Items from a dataset
● ● ●

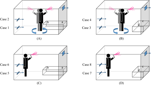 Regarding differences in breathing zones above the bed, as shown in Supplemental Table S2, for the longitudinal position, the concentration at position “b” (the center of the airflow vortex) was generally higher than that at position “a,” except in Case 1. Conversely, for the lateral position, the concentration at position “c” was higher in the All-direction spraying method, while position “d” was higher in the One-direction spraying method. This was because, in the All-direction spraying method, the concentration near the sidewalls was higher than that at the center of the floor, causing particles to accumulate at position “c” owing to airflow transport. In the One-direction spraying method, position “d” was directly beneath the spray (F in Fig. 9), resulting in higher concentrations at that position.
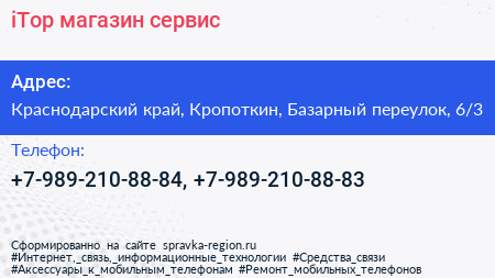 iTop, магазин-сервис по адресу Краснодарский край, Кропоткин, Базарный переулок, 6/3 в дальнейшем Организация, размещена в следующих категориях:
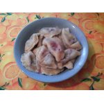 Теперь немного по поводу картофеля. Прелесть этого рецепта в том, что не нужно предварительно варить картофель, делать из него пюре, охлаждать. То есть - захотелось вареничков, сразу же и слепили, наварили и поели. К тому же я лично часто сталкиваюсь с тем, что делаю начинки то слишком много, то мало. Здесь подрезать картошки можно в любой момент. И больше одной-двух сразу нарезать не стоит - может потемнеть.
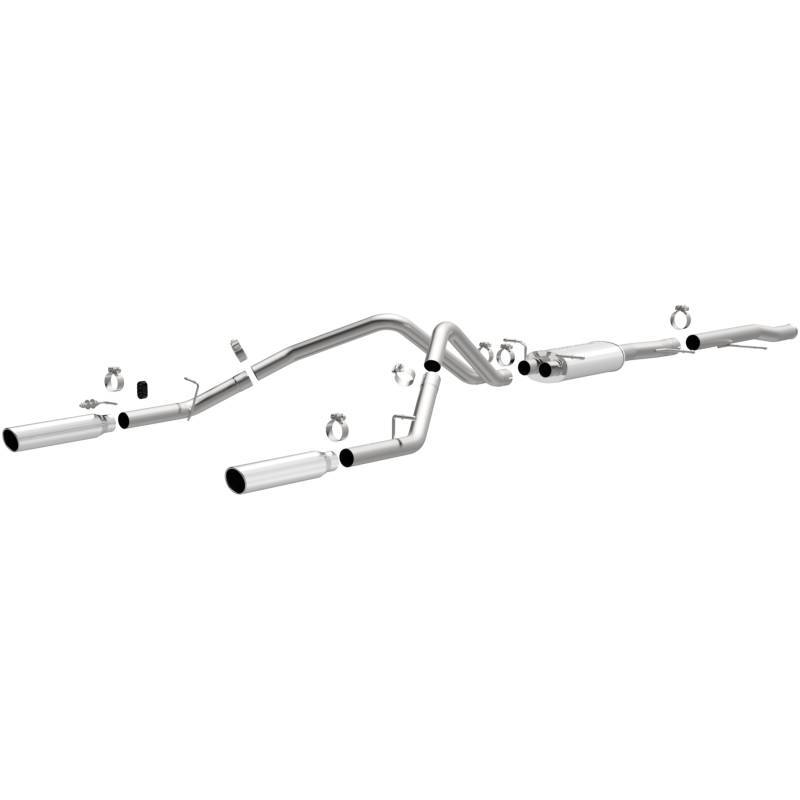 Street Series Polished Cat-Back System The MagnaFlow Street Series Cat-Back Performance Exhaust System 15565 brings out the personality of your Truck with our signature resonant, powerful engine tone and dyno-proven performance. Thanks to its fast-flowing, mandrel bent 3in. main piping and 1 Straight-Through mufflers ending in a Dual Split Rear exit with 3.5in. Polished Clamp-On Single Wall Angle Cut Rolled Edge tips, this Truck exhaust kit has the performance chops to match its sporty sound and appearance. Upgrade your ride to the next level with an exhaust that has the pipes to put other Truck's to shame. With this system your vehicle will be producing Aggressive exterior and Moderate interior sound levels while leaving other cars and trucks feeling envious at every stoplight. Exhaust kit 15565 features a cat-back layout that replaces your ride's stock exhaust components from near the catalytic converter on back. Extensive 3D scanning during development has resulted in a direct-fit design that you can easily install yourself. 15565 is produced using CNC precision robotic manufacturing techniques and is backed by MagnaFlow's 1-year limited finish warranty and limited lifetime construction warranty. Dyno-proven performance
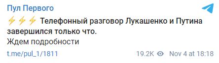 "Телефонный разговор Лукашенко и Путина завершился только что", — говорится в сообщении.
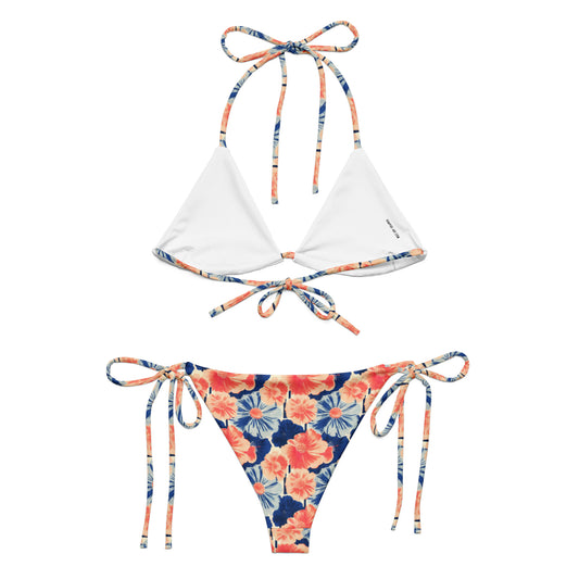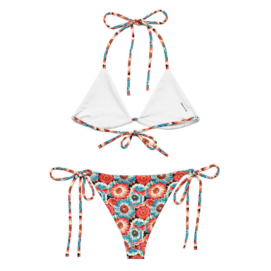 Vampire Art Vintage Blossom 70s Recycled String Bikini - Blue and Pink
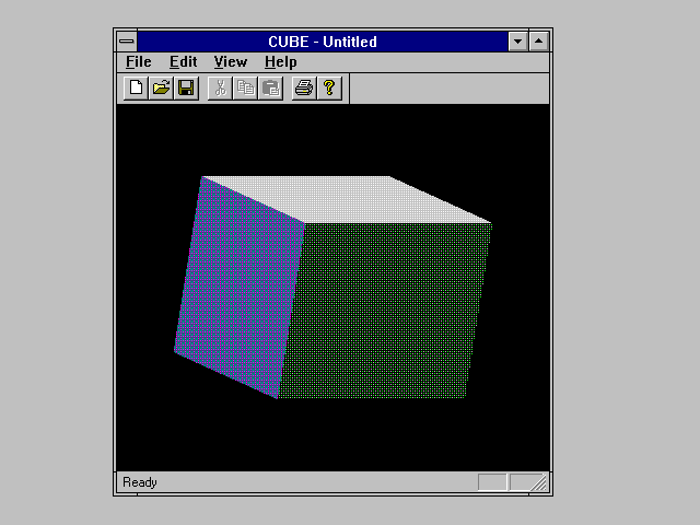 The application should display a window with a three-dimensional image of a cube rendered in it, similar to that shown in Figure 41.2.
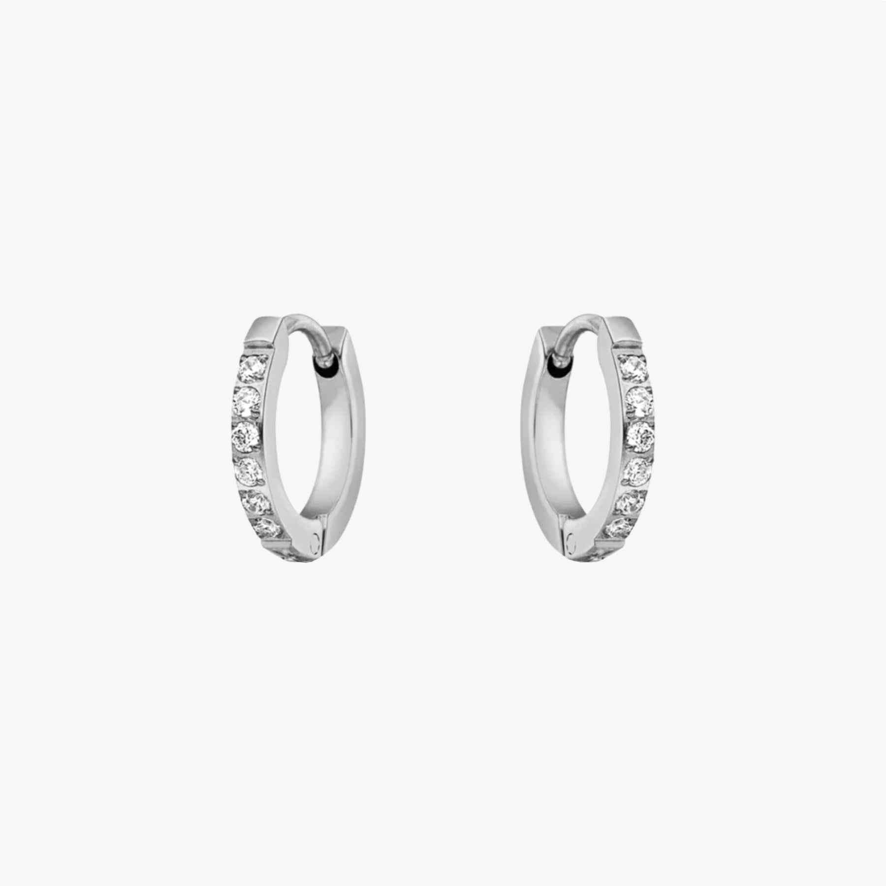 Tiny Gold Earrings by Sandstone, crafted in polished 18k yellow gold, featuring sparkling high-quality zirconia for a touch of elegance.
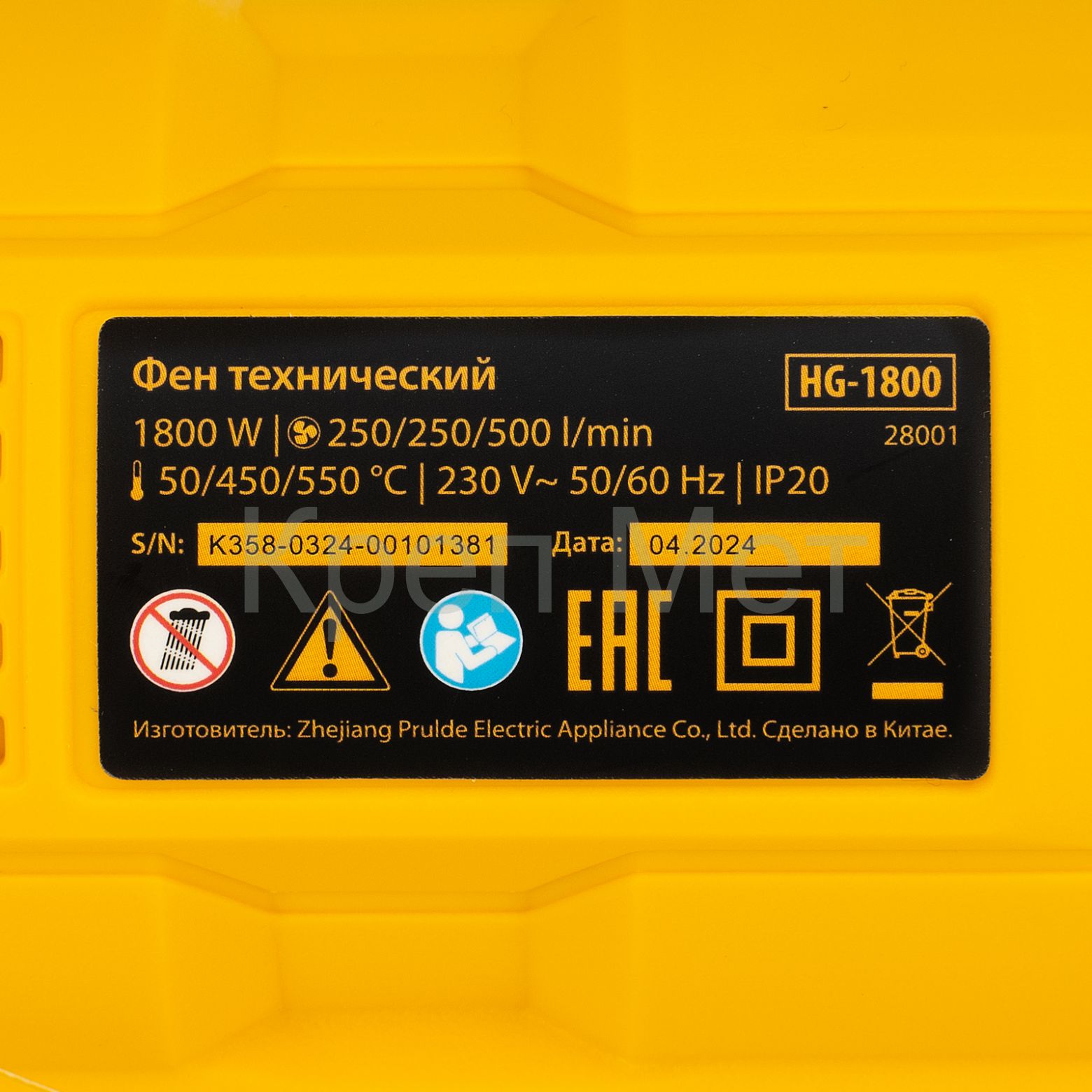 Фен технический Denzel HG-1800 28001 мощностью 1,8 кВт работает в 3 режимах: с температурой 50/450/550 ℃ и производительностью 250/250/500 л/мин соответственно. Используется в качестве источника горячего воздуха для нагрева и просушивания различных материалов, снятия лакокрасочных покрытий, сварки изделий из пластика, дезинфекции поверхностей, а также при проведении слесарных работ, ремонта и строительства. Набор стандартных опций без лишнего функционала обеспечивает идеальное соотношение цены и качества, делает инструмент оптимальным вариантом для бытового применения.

● ● ●

Work to complete:
Please leave out the pictures as you reproduce the lines exactly, from the first line of the entries through the line containing "Теперь немного по".

Problem solution:
 Regarding differences in breathing zones above the bed, as shown in Supplemental Table S2, for the longitudinal position, the concentration at position “b” (the center of the airflow vortex) was generally higher than that at position “a,” except in Case 1. Conversely, for the lateral position, the concentration at position “c” was higher in the All-direction spraying method, while position “d” was higher in the One-direction spraying method. This was because, in the All-direction spraying method, the concentration near the sidewalls was higher than that at the center of the floor, causing particles to accumulate at position “c” owing to airflow transport. In the One-direction spraying method, position “d” was directly beneath the spray (F in Fig. 9), resulting in higher concentrations at that position.
 iTop, магазин-сервис по адресу Краснодарский край, Кропоткин, Базарный переулок, 6/3 в дальнейшем Организация, размещена в следующих категориях:
 Теперь немного по поводу картофеля. Прелесть этого рецепта в том, что не нужно предварительно варить картофель, делать из него пюре, охлаждать. То есть - захотелось вареничков, сразу же и слепили, наварили и поели. К тому же я лично часто сталкиваюсь с тем, что делаю начинки то слишком много, то мало. Здесь подрезать картошки можно в любой момент. И больше одной-двух сразу нарезать не стоит - может потемнеть.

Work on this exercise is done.